View provider status:

```bash
scholar providers
```

## Usage Examples

### Basic Search

```bash
# Search with default providers (Semantic Scholar, OpenAlex, DBLP)
scholar search "differential privacy"

# Limit results per provider (default: 1000)
scholar search "blockchain" -l 50

# Unlimited results per provider
scholar search "blockchain" -l 0
```

### Systematic Review Workflow

```bash
# 1. Search and review interactively
scholar search "privacy-preserving machine learning" --review --name "privacy-ml-review"

# 2. Add more searches to the same session
scholar search "federated learning privacy" --review --name "privacy-ml-review"

# 3. Resume reviewing later
scholar sessions resume "privacy-ml-review"

# 4. Generate reports
scholar sessions export "privacy-ml-review" -f all
```

### Enriching Results

Some providers (like DBLP) don't include abstracts. Fetch them from other sources:

```bash
# Enrich during search
scholar search "query" --enrich

# Enrich an existing session
scholar enrich "session-name"
```

### PDF Management

```bash
# Download and open a PDF
scholar pdf open "https://arxiv.org/pdf/2301.00001.pdf"

# View PDF cache
scholar pdf info
scholar pdf clear
```

## Keybindings (Review TUI)

| Key | Action |
|-----|--------|
| `j`/`k` | Navigate up/down |
| `Enter` | View paper details |
| `K` | Keep paper (quick) |
| `T` | Keep with themes |
| `d` | Discard (requires motivation) |
| `n` | Edit notes |
| `p` | Open PDF |
| `e` | Enrich (fetch abstract) |
| `L` | LLM-assisted classification |
| `s` | Sort papers |
| `f` | Filter by status |
| `q` | Quit |

## LLM-Assisted Review

For large result sets, Scholar can use LLMs to assist with paper classification:

```bash
# In the TUI, press 'L' to invoke LLM classification
# Or use the CLI command directly
scholar llm-review "session-name" --count 10
```

### How It Works

1. **Tag some papers manually** - The LLM needs examples to learn from. Review at least 5 papers with tags (themes for kept, motivations for discarded).

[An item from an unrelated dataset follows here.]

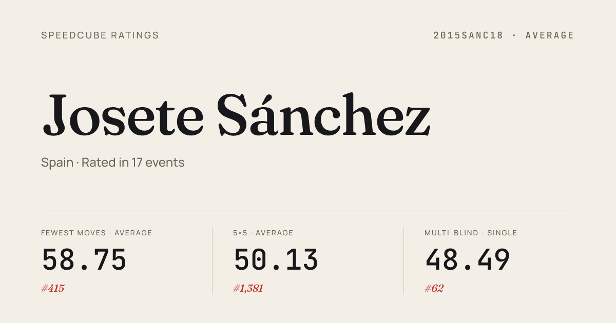 Apr 12, 20263x3x3 Blindfolded · FinalMairenaOpen2026 · 3rd53.99Apr 12, 20264x4x4 Cube · FinalMairenaOpen2026 · 10th40.28Apr 12, 20264x4x4 Cube · Round 1MairenaOpen2026 · 8th39.75Apr 12, 2026Skewb · Round 2MairenaOpen2026 · 10th5.39Apr 12, 2026Skewb · FinalMairenaOpen2026 · 5th4.85Apr 12, 2026Skewb · Round 1MairenaOpen2026 · 10th5.75Mar 29, 20262x2x2 Cube · FinalCervantesCubeaAlcala2026 · 4th2.20Mar 29, 20262x2x2 Cube · Round 2CervantesCubeaAlcala2026 · 7th2.28Mar 29, 20262x2x2 Cube · Round 1CervantesCubeaAlcala2026 · 4th3.11Mar 29, 20263x3x3 Cube · Round 2CervantesCubeaAlcala2026 · 9th10.12Mar 29, 20263x3x3 Cube · FinalCervantesCubeaAlcala2026 · 14th10.90Mar 29, 20263x3x3 Cube · Round 1CervantesCubeaAlcala2026 · 20th11.33Mar 29, 20263x3x3 Blindfolded · FinalCervantesCubeaAlcala2026 · 1st46.38Mar 29, 20263x3x3 Blindfolded · Round 1CervantesCubeaAlcala2026 · 4th41.43Mar 29, 20264x4x4 Cube · Round 1CervantesCubeaAlcala2026 · 9th38.79Mar 29, 20264x4x4 Cube · FinalCervantesCubeaAlcala2026 · 5th35.02Mar 29, 2026Skewb · Round 1CervantesCubeaAlcala2026 · 6th5.03Mar 29, 2026Skewb · FinalCervantesCubeaAlcala2026 · 12th8.28Mar 29, 2026Skewb · Round 2CervantesCubeaAlcala2026 · 7th5.19

2. **Set research context** (optional) - Describe your review's focus to help the LLM understand relevance criteria.

3. **Invoke LLM classification** - The LLM classifies pending papers based on your examples, returning confidence scores.

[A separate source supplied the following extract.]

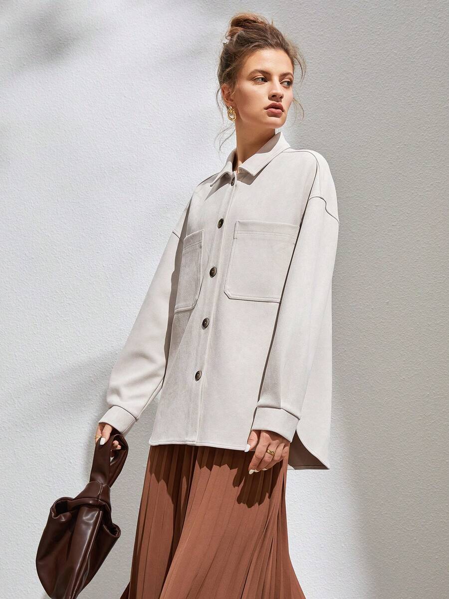 Anewsta Drop Shoulder Pocket Patched Button Front Suedette Shirt

4. **Review LLM decisions** - Prioritize low-confidence classifications. Accept correct ones, correct wrong ones.

5. **Iterate** - Corrections become training examples for the next round.

### Requirements

Install and configure the `llm` command (Scholar uses `llm`'s configuration and
default model):

```bash
pipx install llm

llm install llm-openai-plugin
llm keys set openai

# Pick a default model (used by `scholar rq` and `scholar llm-review`)
llm models
llm models default gpt-4o-mini
```

If you installed Scholar with `pipx install scholarcli` and want the `llm` CLI
available from that same environment, you can alternatively install Scholar
with `pipx install --include-deps scholarcli`.

The LLM integration supports models available through Simon Willison's `llm`
package (OpenAI, Anthropic, local models, etc.).

Note: `scholar llm-review` learns from your existing labeled examples (typically
~5 tagged papers). `scholar rq` can start without examples by using the research
question as context.

## Documentation

Full documentation is available in the `doc/` directory as a literate program combining documentation and implementation.

## License

MIT License - see [LICENSE](LICENSE) for details.